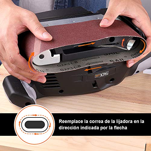 TACKLIFE Lijadora de Banda, 600W Lijadora Eléctrica, 13 Lijas 75x457mm, 6 Velocidad...
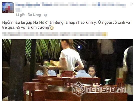 Mới đây, một tài khoản facebook đã cho biết vô tình gặp Hà Hồ đi ăn với đại gia kim cương. Người này viết: "Ngồi nhậu lại gặp Hà Hồ đi ăn, đúng là hợp nhau kinh ý. Ở ngoài cô xinh và trẻ quá đi. Đi với anh kim cương".
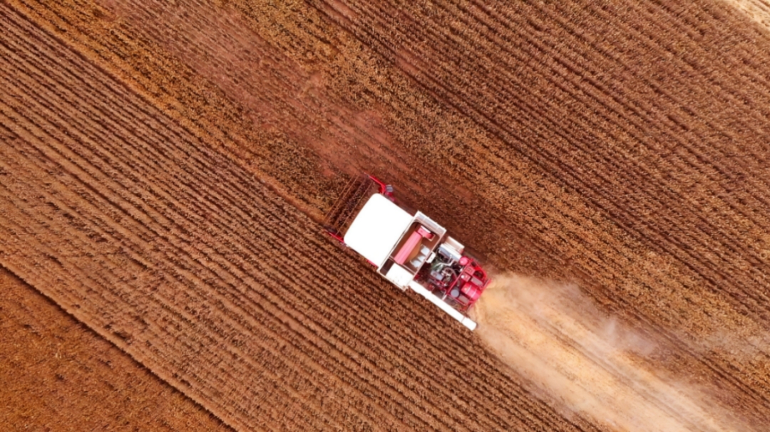 ▲山東省棗莊市市中區(qū)夏糧收割現(xiàn)場(chǎng)
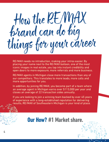 In addition, by joining RE/MAX, you become part of a team where an average agent in Michigan earns over $113,000 per year and closes an average of 22 transaction sides annually.
---*---
**REQUIRED WORK**
Please give back every line above exactly as it stands, without pictures.

**YOUR RESPONSE**
 TACKLIFE Lijadora de Banda, 600W Lijadora Eléctrica, 13 Lijas 75x457mm, 6 Velocidad...
 Mới đây, một tài khoản facebook đã cho biết vô tình gặp Hà Hồ đi ăn với đại gia kim cương. Người này viết: "Ngồi nhậu lại gặp Hà Hồ đi ăn, đúng là hợp nhau kinh ý. Ở ngoài cô xinh và trẻ quá đi. Đi với anh kim cương".
 ▲山東省棗莊市市中區(qū)夏糧收割現(xiàn)場(chǎng)
 In addition, by joining RE/MAX, you become part of a team where an average agent in Michigan earns over $113,000 per year and closes an average of 22 transaction sides annually.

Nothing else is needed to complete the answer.